EXERCISE AIM: Starting at the line that contains "(1) Ken Onion", retype each line to the end of the listing below. Include both ends, but not the pictures.

PROVIDED MATERIAL:
━━━━━━━━━━━━━━━━━━━━━━━━━━━━━━

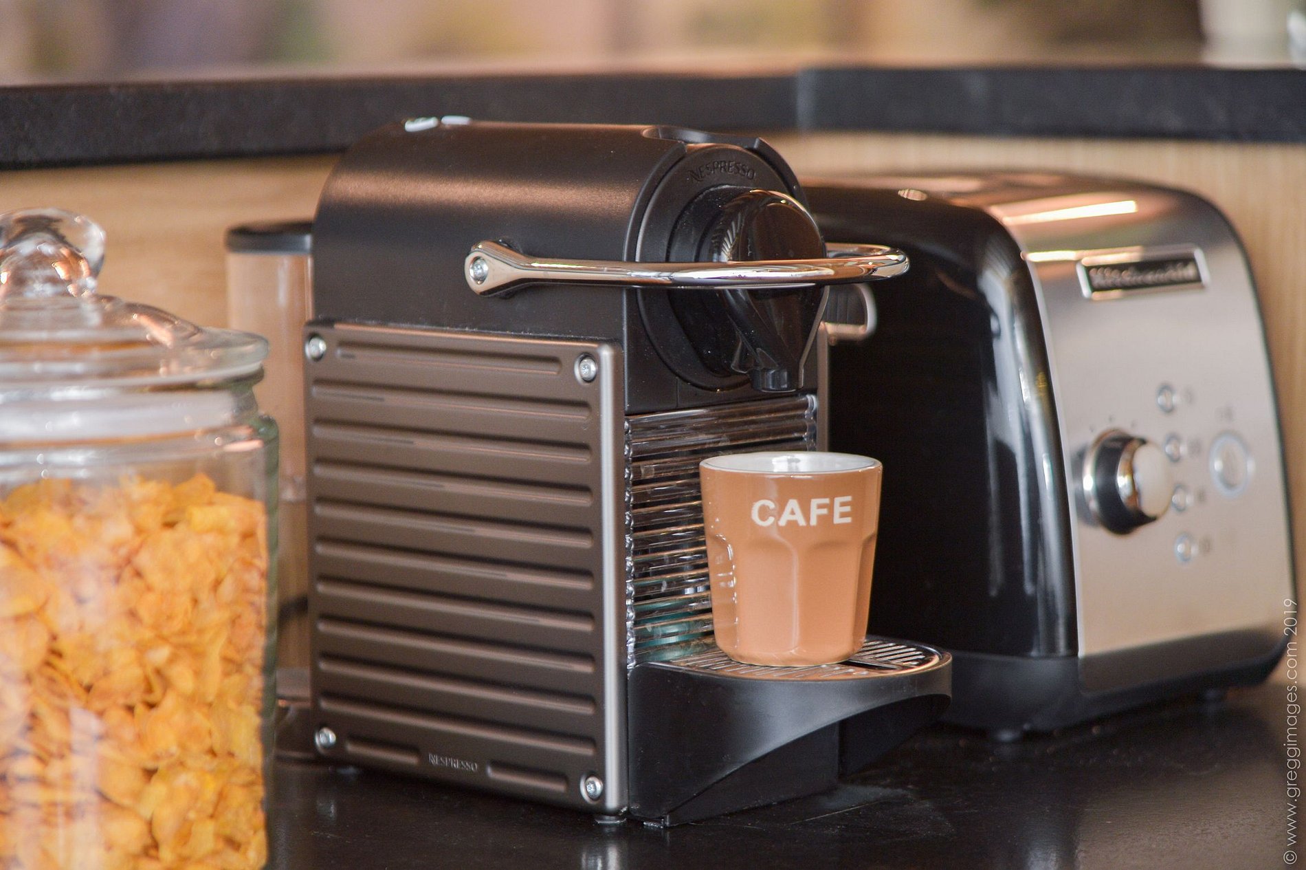 A mesa de madeira maciça da sala de jantar pode acomodar facilmente de 6 a 8 pessoas. A cozinha é bonita, espaçosa, moderna e bem equipada, em redor de uma simpática barra de granito preto. Uma completa baixela de mesa está à disposição dos hóspedes, assim como todo o equipamento necessário para receber uma criança pequena.
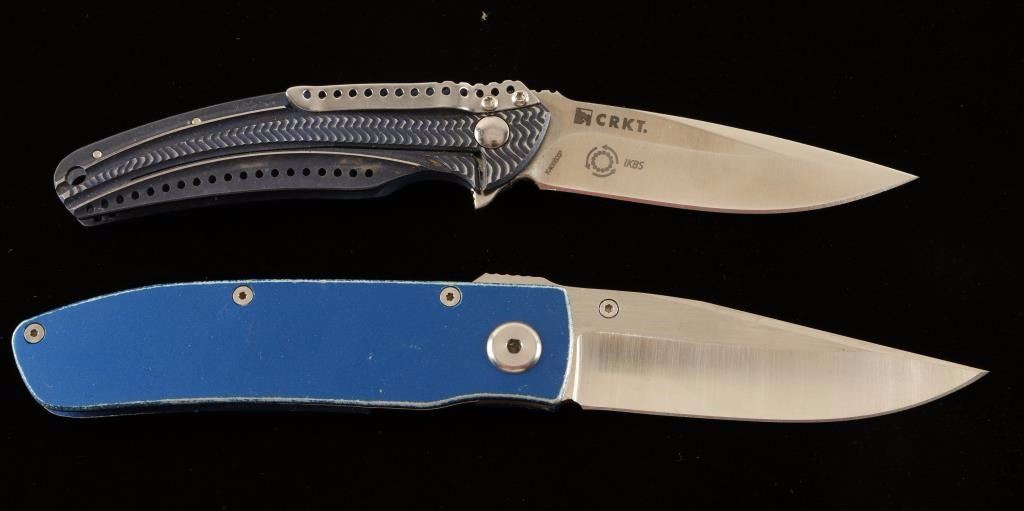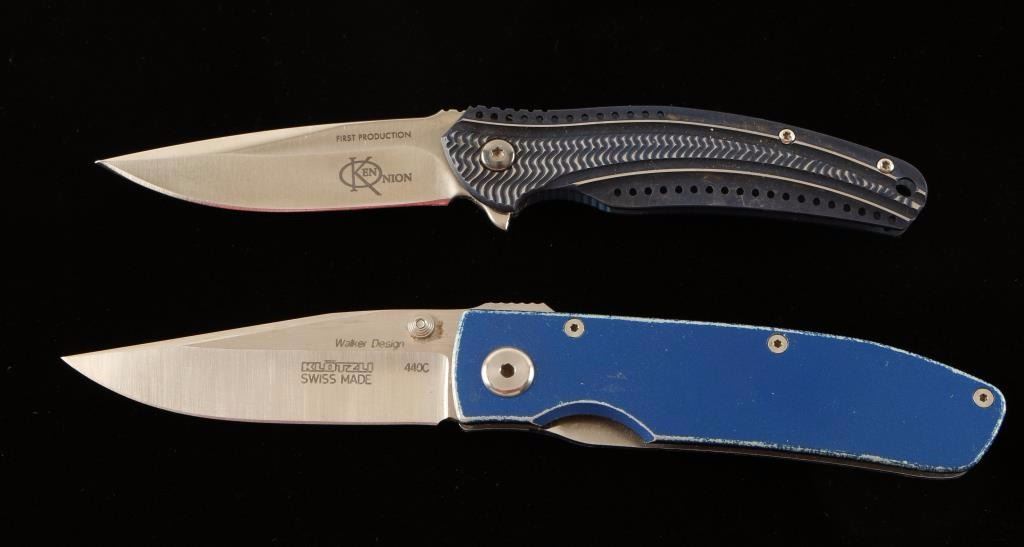 (1) Ken Onion of Kaneohe, Hawaii 1st production Ripple with a 2.78" stainless satin blade with a blue Titanium Nitride Coated 420J Stainless Steel handle. Marked 'First Production Ken Onion' and 'CRKT'. (1) KLOTZLI Walker Folder marked 'Walker Design, Klotzli Swiss Made' 440C titanium blade. in blue stainless steel case. Liner lock model with thumb stud for opening. Measures 4" closed with a 3" blade.
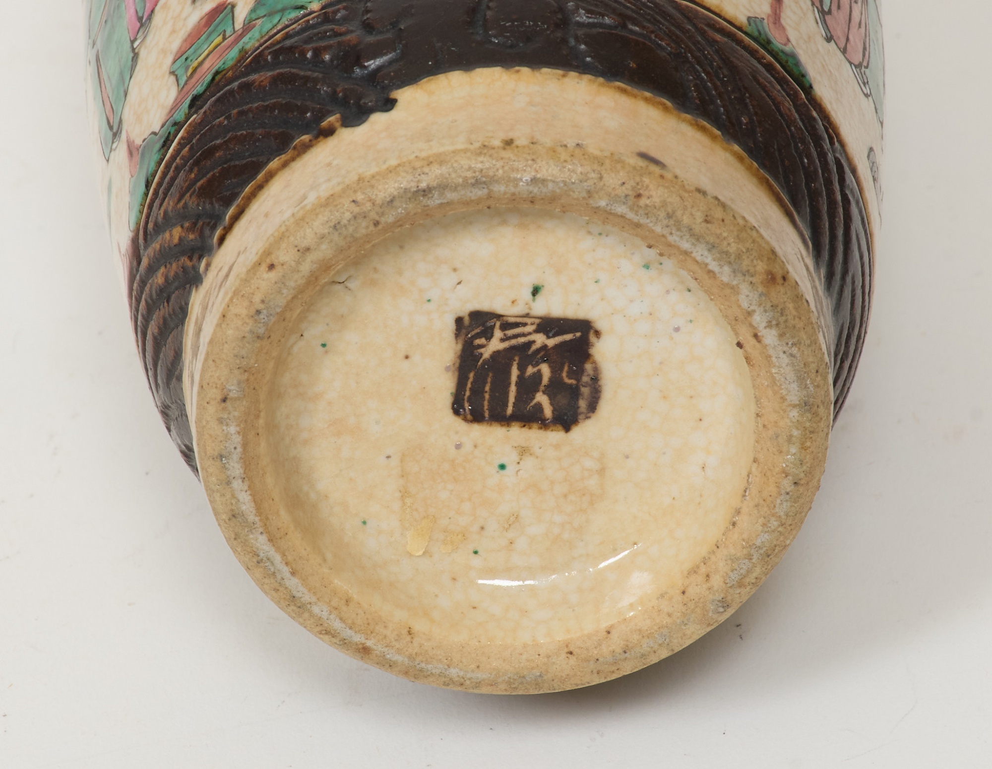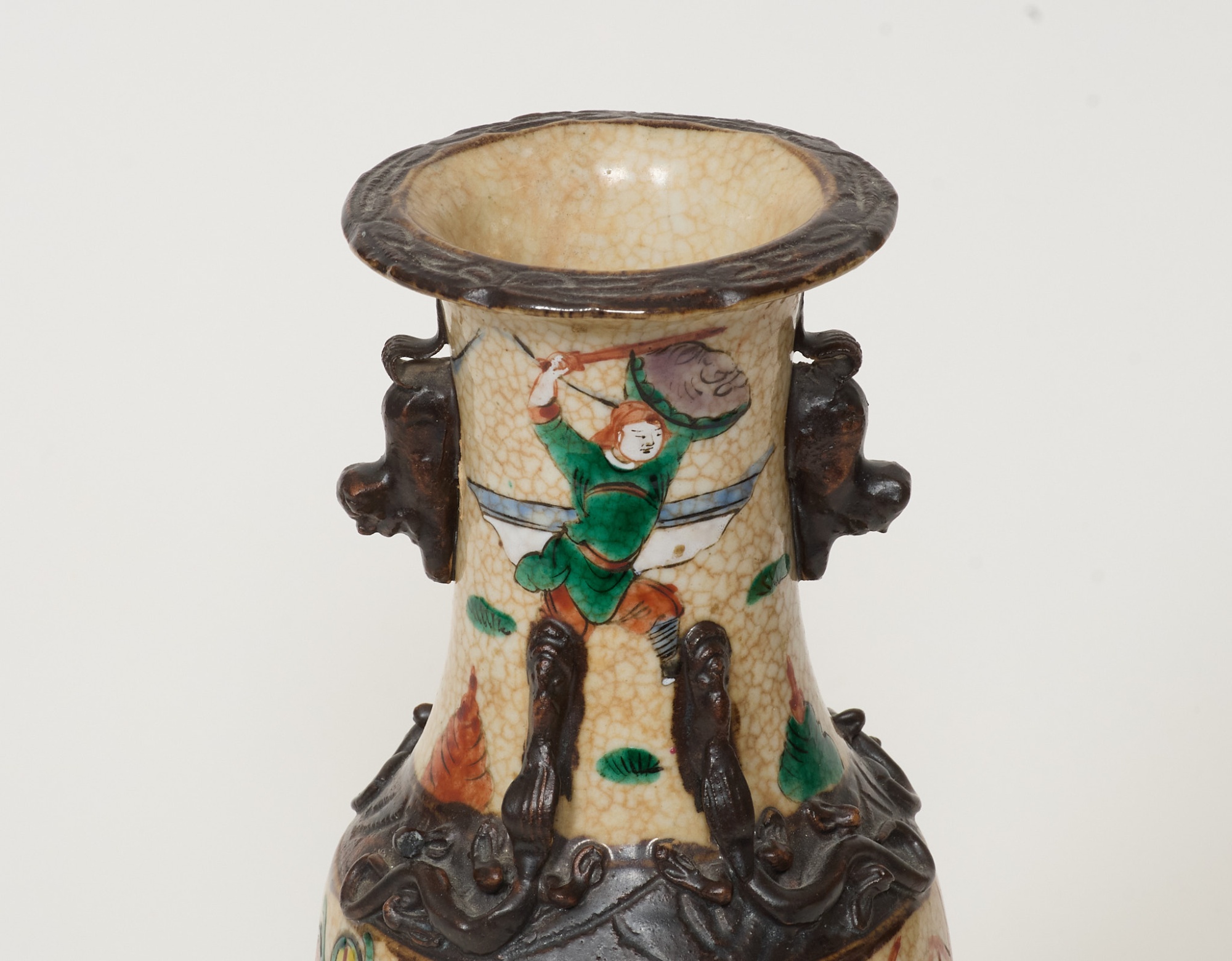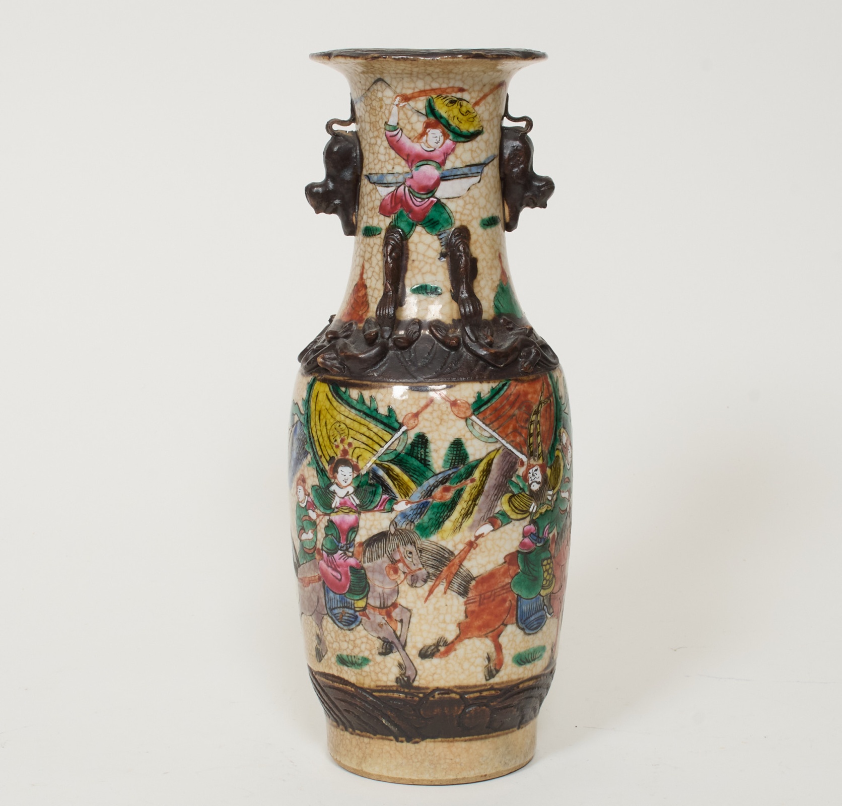 Krackelyrglasyr med polykrom dekor med figurscener, höjd 30 cm, smärre bruksslitage.

━━━━━━━━━━━━━━━━━━━━━━━━━━━━━━

SOLUTION BELOW:
 (1) Ken Onion of Kaneohe, Hawaii 1st production Ripple with a 2.78" stainless satin blade with a blue Titanium Nitride Coated 420J Stainless Steel handle. Marked 'First Production Ken Onion' and 'CRKT'. (1) KLOTZLI Walker Folder marked 'Walker Design, Klotzli Swiss Made' 440C titanium blade. in blue stainless steel case. Liner lock model with thumb stud for opening. Measures 4" closed with a 3" blade.
 Krackelyrglasyr med polykrom dekor med figurscener, höjd 30 cm, smärre bruksslitage.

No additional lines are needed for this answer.